The node outputs a single JSON array containing only the items from the input list that satisfied the configured conditions. The order of surviving items is preserved.

filtered_list json

The subset of input items that matched the filter. Items that did not match are dropped. If no item matches, the array is empty ([]) — the node does not raise an error.

Example payload after filtering a list of articles to keep only the published ones:

{
  "filtered_list": [
    {"title": "Article A", "status": "published"},
    {"title": "Article C", "status": "published"}
  ]
}

Usage examples

Example 1: Filter objects by property

Filter a list of articles to keep only those with status equal to published, then loop over them.

Settings:

  • list_type: object
  • conditions: [{"id": "1", "property": "status", "operator": "equals", "value": "published"}]
  • logical_operator: AND
graph LR
    A[Notion Database Reader] --> B[Filter List]
    B --> C[Loop: process articles]

Example 2: Filter strings containing a keyword

Filter a list of URLs from a sitemap to keep only those containing blog, then send them to a Web Scraper.

Settings:

  • list_type: string
  • conditions: [{"id": "1", "property": "", "operator": "contains", "value": "blog"}]
  • logical_operator: AND
graph LR
    A[Sitemap Reader] --> B[Filter List]
    B --> C[Web Scraper]

Example 3: Dynamic filter with a runtime variable

Filter a product catalog by a category chosen by the user via a Text Input node. Use {{variable}} syntax in the condition value to reference dynamic data.

Settings:

  • list_type: object
  • conditions: [{"id": "1", "property": "category", "operator": "equals", "value": "{{category}}"}]
  • logical_operator: AND
graph LR
    A[Text Input: category] --> B[Filter List]
    D[API Connector: Products] --> B
    B --> C[LLM: summarize]

The {{category}} placeholder is replaced at runtime with the value provided by the upstream node whose output is named category.

Common issues

The output list is empty even though my data looks right

Cause: With AND logic, every condition must match — a single overly strict rule wipes out the whole list. String operators such as equals, contains, and starts_with are also case-sensitive.
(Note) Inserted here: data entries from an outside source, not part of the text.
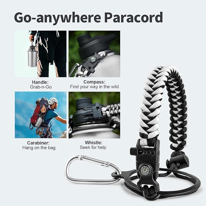 • Palm Fitting Paracord Handle: Compared to handle lids, nylon paracord on the bottle gives you more choices in terms of color coordination and coziness on your hands. Match the handle with your bottle to make a complete outdoorsy look. Compass and carabiner can be lifesavers for hiking and other expeditions
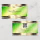 Luminous Green Marble Gold Borders with QR Code Business Card
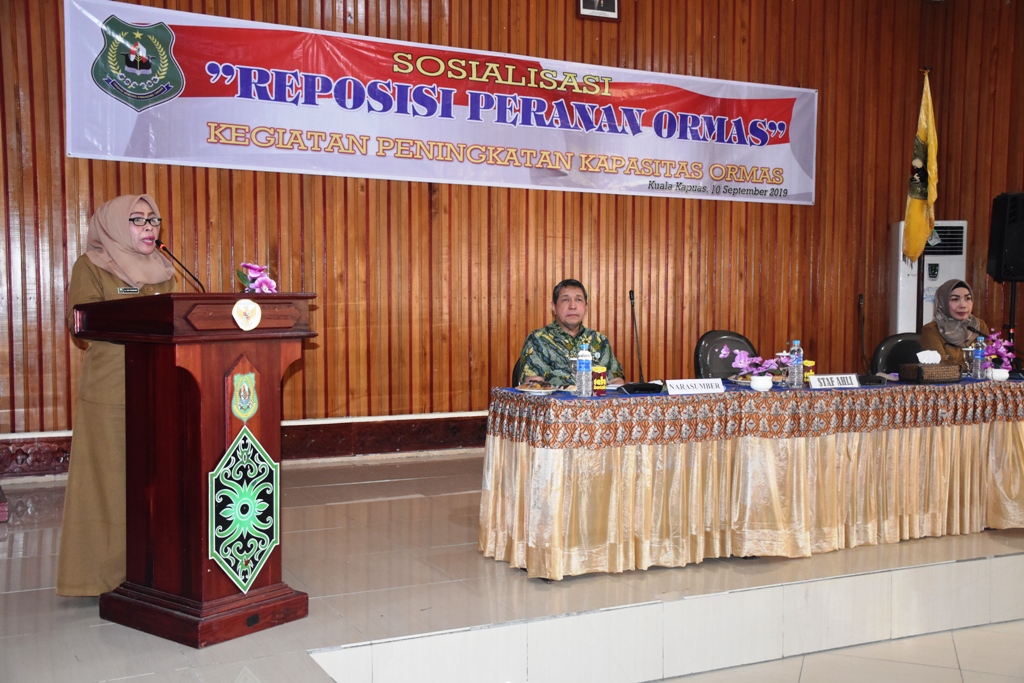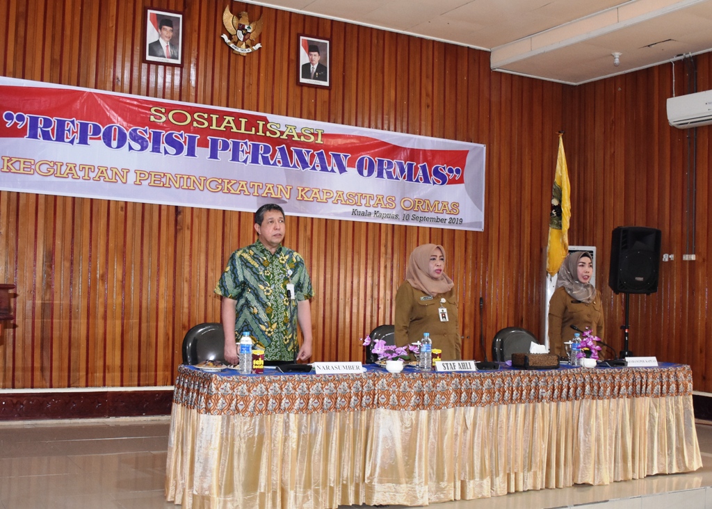MMCKalteng - Kapuas - Dalam rangka pelaksanaan kegiatan peningkatan kapastis Organisasi Masyarakat (Ormas) Pemerintah Daerah Kabupaten Kapuas dalam hal ini Badan Kesatuan Bangsa dan Politik Kabupaten Kapuas menggelar Sosialisasi Reposisi Peranan Ormas yang digelar di Aula Kantor Bappeda Kabupaten Kapuas, Selasa (10/9/2019) pagi.

Solution: Switch the logical operator to OR temporarily to see which individual conditions match. Then tighten the rules one by one. Double-check the casing of your comparison values.

The filter ignores the property I configured

Cause: list_type is set to string but the input is actually a list of objects (e.g., [{"name": "Alice"}, {"name": "Bob"}]). In string mode the node compares whole items, never their properties.
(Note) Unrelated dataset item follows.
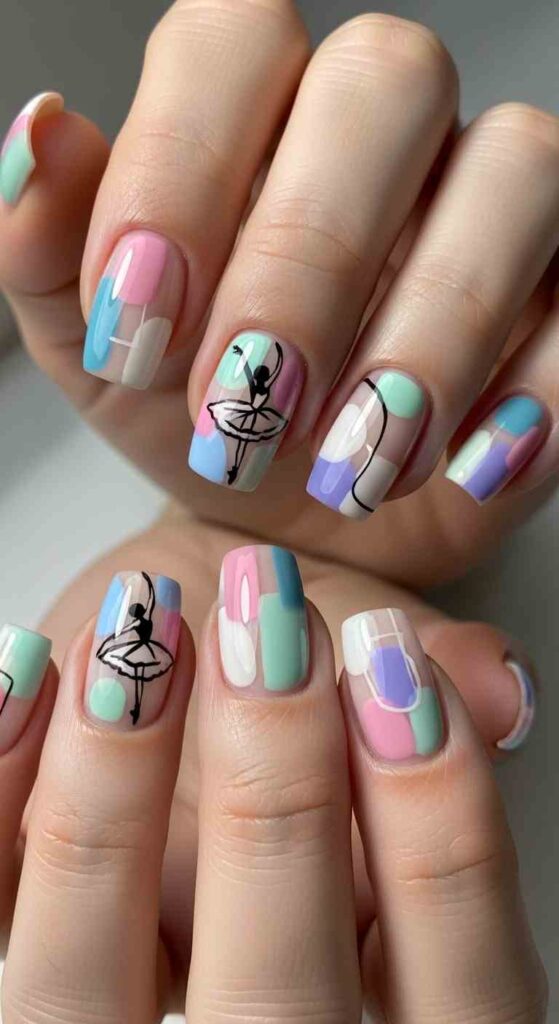 Strategic bare nail with spring colors creates contemporary ballerina art.
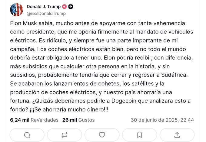 Como se sabe a principios de junio, Trump había amenazado con reducir los contratos gubernamentales de Musk.

Solution: Switch List Type to object and set the property field of each condition to the key you want to evaluate (for example, name or status).

I see the literal text {{variable}} in the result instead of a value

Cause: The placeholder did not resolve because the referenced upstream node is not connected, has not produced output yet, or its output name does not match the variable name exactly.

Solution: Confirm the upstream node is wired into the Filter List node and that its output name (case-sensitive) matches the name inside {{ }}. Run the upstream node once before the Filter List runs.

Numeric comparison gives unexpected results

Cause: The values being compared are stored as strings, so greater_than and less_than perform a lexicographic comparison rather than a numeric one (for example, "10" is treated as smaller than "9").

Solution: Make sure the upstream node emits real numbers, not strings. If you cannot change the upstream output, transform the field to a number before filtering.

Best practices

Tip

Prefer {{variable}} placeholders over hardcoded filter values whenever the user, an LLM, or an upstream node can supply the criterion. The same workflow then handles many filter targets without duplication.

Warning

AND versus OR is rarely interchangeable. Use AND when items must satisfy every condition simultaneously (status is published AND author is Alice). Use OR when an item should match at least one of several alternatives (status is draft OR status is review). Picking the wrong combinator silently empties the output or lets too much through.